Myth #9: Sugar From Fruit Is Bad Too
Okay, yes, fruit has sugar—but it also has fiber, water, vitamins, and antioxidants. It’s not the same as drinking a can of soda. Bananas are not the problem. You downing three Frappuccinos a day and pretending it’s hydration? That might be.


Myth #10: You Need to Eat Clean 100% of the Time
Let’s be honest—“clean eating” is often just a sanitized term for disordered eating. Food isn’t morally good or bad. You’re not a better person because you had quinoa instead of curly fries. (But if you managed to have both? Congratulations, you’ve unlocked balance.) Eat well most of the time. And when you don’t? Enjoy it, move on, and stop punishing yourself.


A Few Actual Tips That Help (No Myth Required)

  • Eat a variety of colors.
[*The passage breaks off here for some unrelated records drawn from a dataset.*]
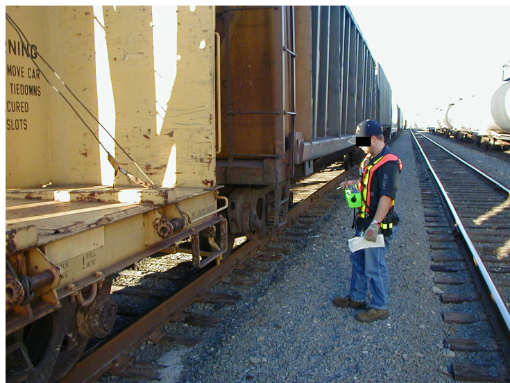
Figure 1. RCO making coupling
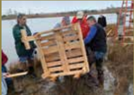
New Real Estate for an Osprey Pair, page 5
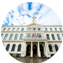
National Councils sector specific
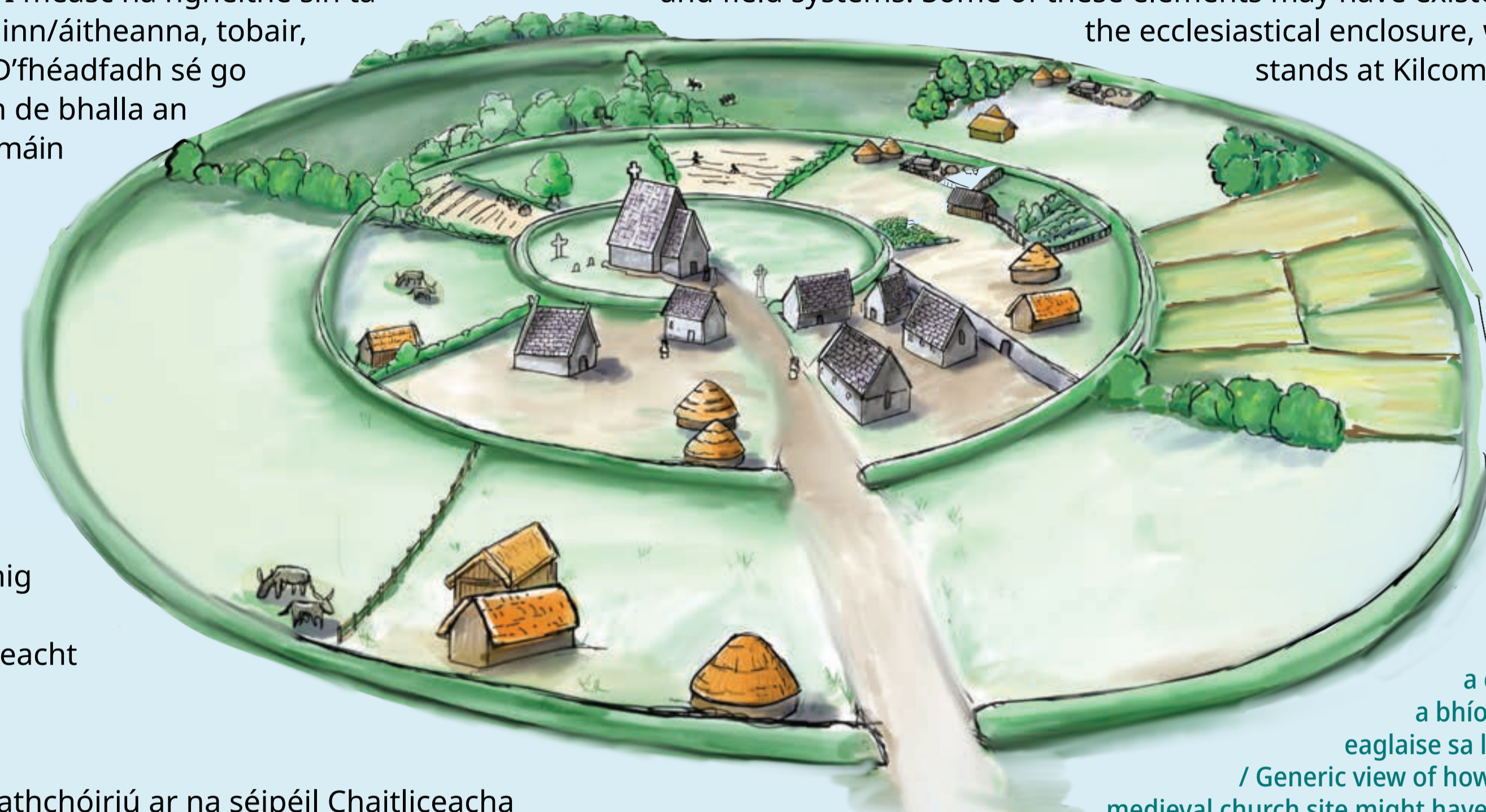
Amharc cineálach ar an leagan amach a d'fhéadfadh sé a bhíodh ar láithreán eaglaise sa luath-mheánaois. / Generic view of how an early medieval church site might have been organised.

Early medieval church sites like Kilcommon encompass various features such as churches and graveyards, dwellings, ovens/kilns, wells, mills, and field systems. Some of these elements may have existed outside the ecclesiastical enclosure, which still stands at Kilcommon today.

If your plate looks like a Pride parade, you’re doing it right.
  • Hydrate like you’re in a competition with your past mistakes.
  • Don’t skip meals to “save up” for a binge. That’s budgeting for sadness.
  • Focus on how food makes you feel, not just how it makes you look.
  • If your relationship with food feels complicated, a registered dietitian (not an Instagram model) can help.

Final Thoughts from a Former 428 lb. Teenage Carb-Addict Turned Health-Adjacent Adult

I’ve tried every diet. I’ve done cabbage soup, South Beach, Weight Watchers, keto (badly), and at one point, I considered if sadness could be counted as a meal. What I’ve learned is this: food should nourish you, not punish you. It should be something that supports your life, not dominates it.

So the next time someone tells you gluten is the devil, fat is evil, and kale is a moral imperative—smile, nod, and go enjoy your sandwich.

Just maybe with some extra avocado. For the healthy fats. And the vibe.